Early mobility is associated with improved outcomes (improved quality of life, reduced delirium, reduced duration of mechanical ventilation, and reduced intensive care unit (ICU) and hospital length of stay) in critically ill patients, particularly those with acute respiratory failure. Critically ill patients who do not receive early physical therapy and ICU mobilization are at significant risk for neuromuscular weakness, impaired functional outcomes, and prolonged deficiencies in physical functioning.1,2
Early ICU mobilization and rehabilitation while on extracorporeal membrane oxygenation (ECMO) have been shown to be safe.3 Additionally, in order for patients receiving ECMO as a bridge to lung transplantation to maintain their transplant candidacy, many programs (58%) require a minimum ambulatory distance of 600 feet during ECMO support.4
The development of a bicaval dual-lumen cannula (DLC) capable of providing venovenous (VV)-ECMO support via the internal jugular vein has greatly facilitated ECMO ambulation and rehabilitation programs. Dual-lumen cannula requires optimal positioning, and even minor migration of the cannula can significantly alter ECMO flows given the proximity of the right atrium, inferior vena cava, and hepatic veins. Published ECMO cannula migration and dislodgement rates are in excess of 10%.5–7 We review an optimal technique to secure DLC to prevent migration and dislodgement and to facilitate activity and early mobility and ambulation.

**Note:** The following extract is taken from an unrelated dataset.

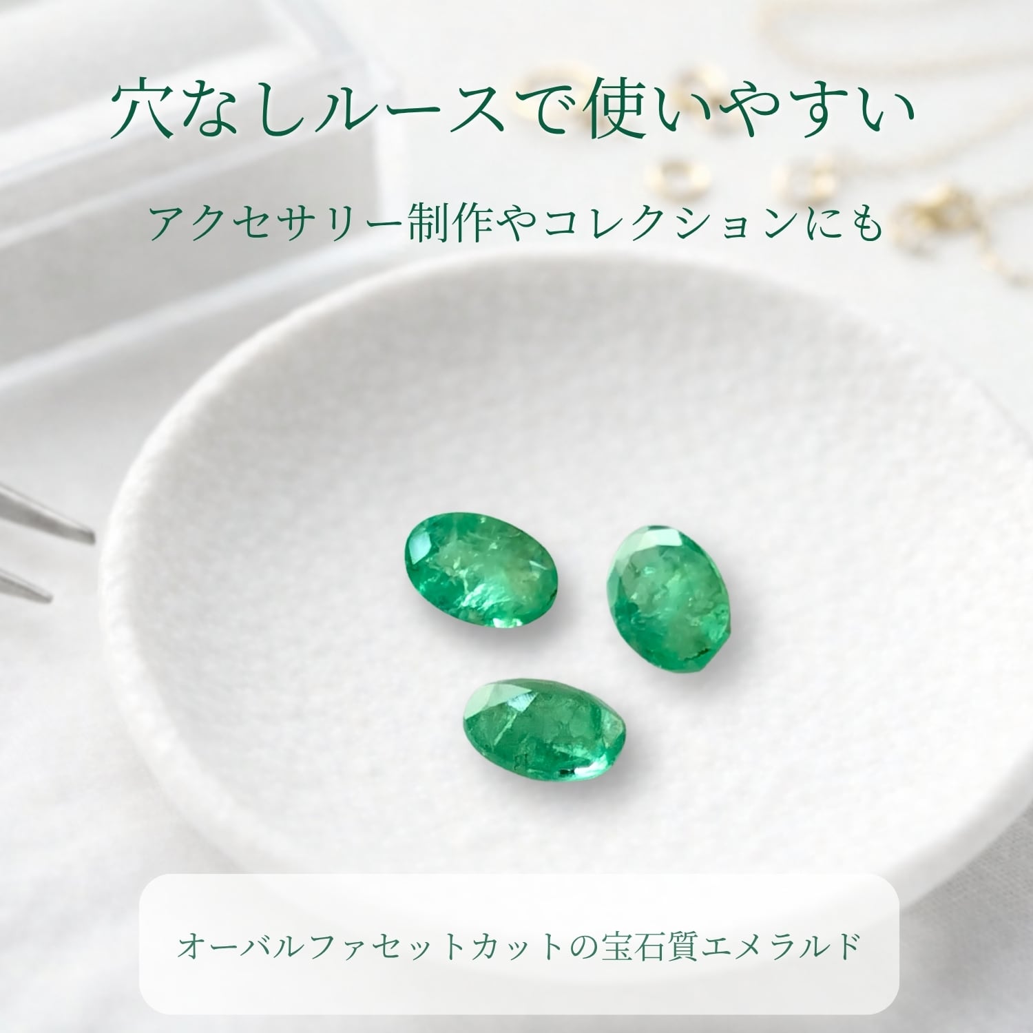 エメラルド ルース 宝石質 AA++ 約6×4mm 約0.44ct|5月誕生石 ブラジル産 オーバルファセット ピアス リング ペンダント ハンドメイド 裸石 守護石

We use the Avalon Elite bicaval DLC (Maquet Getinge Group, Rastatt, Germany, www.maquet.com) for adult VV-ECMO, placed percutaneously under fluoroscopic guidance at our institution. Once the cannula is positioned and functioning appropriately, we then secure it to prevent migration and dislodgement.

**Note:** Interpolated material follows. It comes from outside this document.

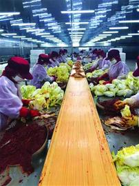 在故鄉(xiāng)農(nóng)產(chǎn)的廠區(qū)里采訪,發(fā)現(xiàn)占地最多的還是冷庫。企業(yè)相關(guān)人員介紹說,白菜等好多蔬菜都是季節(jié)性產(chǎn)品,冷庫里存放的多是青島本地的大白菜 等蔬菜。因為這個季節(jié)生產(chǎn)的白菜口感最好, 而企業(yè)需要一年四季都生產(chǎn)泡菜,因此現(xiàn)在除生產(chǎn)泡菜外,還在存儲大量的白菜等,以適應(yīng) 一年的生產(chǎn)。以白菜為例,一天需要3萬斤,一 年的白菜需求最約為5000噸,也就是約一千萬斤。這么大的需求量,必須要有冷庫支持。目前企業(yè)建成了3000多噸的冷庫,如果生產(chǎn)量再大,還要加大面積。
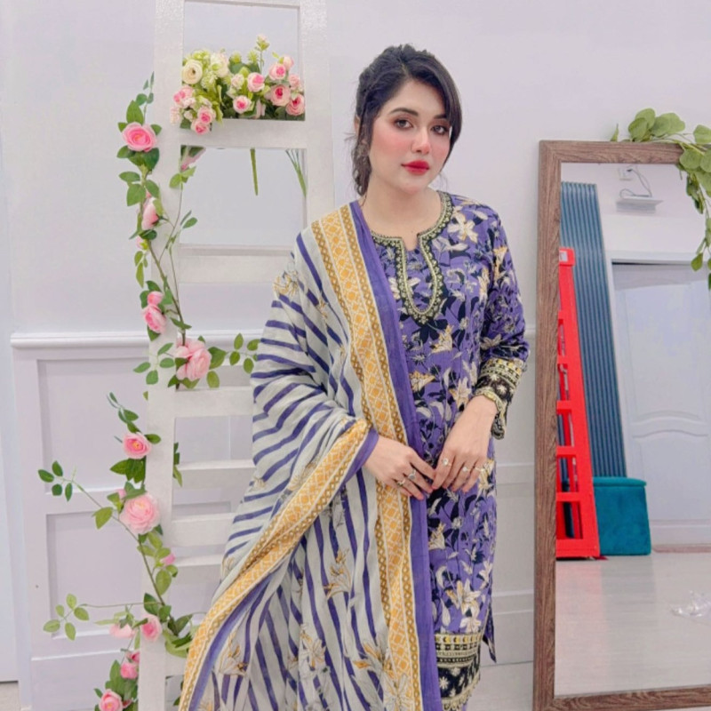 Pure Cotton Embroidery Matte Sequence Stitch three piece Body - 52, Long - 40

Securing the ECMO DLC for VV-ECMO is standardized. Nylon cable ties are used to secure all circuit connections. Given a previous high observed incidence of device-associated pressure ulcer, we place a DuoDERM (ConvaTEC, Greensboro, NC) dressing over the skin of the neck where the ECMO cannula will sit. The ECMO cannula is then secured to the skin ensuring the medial lumen (oxygenated blood) is facing medially (central port facing the tricuspid valve). The DLC is then sutured to the skin using 0 silk sutures. Purse-string sutures are placed at the insertion site, and additional 0 silk sutures are used to secure the DLC on the medial (oxygenated blood) and lateral (nonoxygenated blood) lumen.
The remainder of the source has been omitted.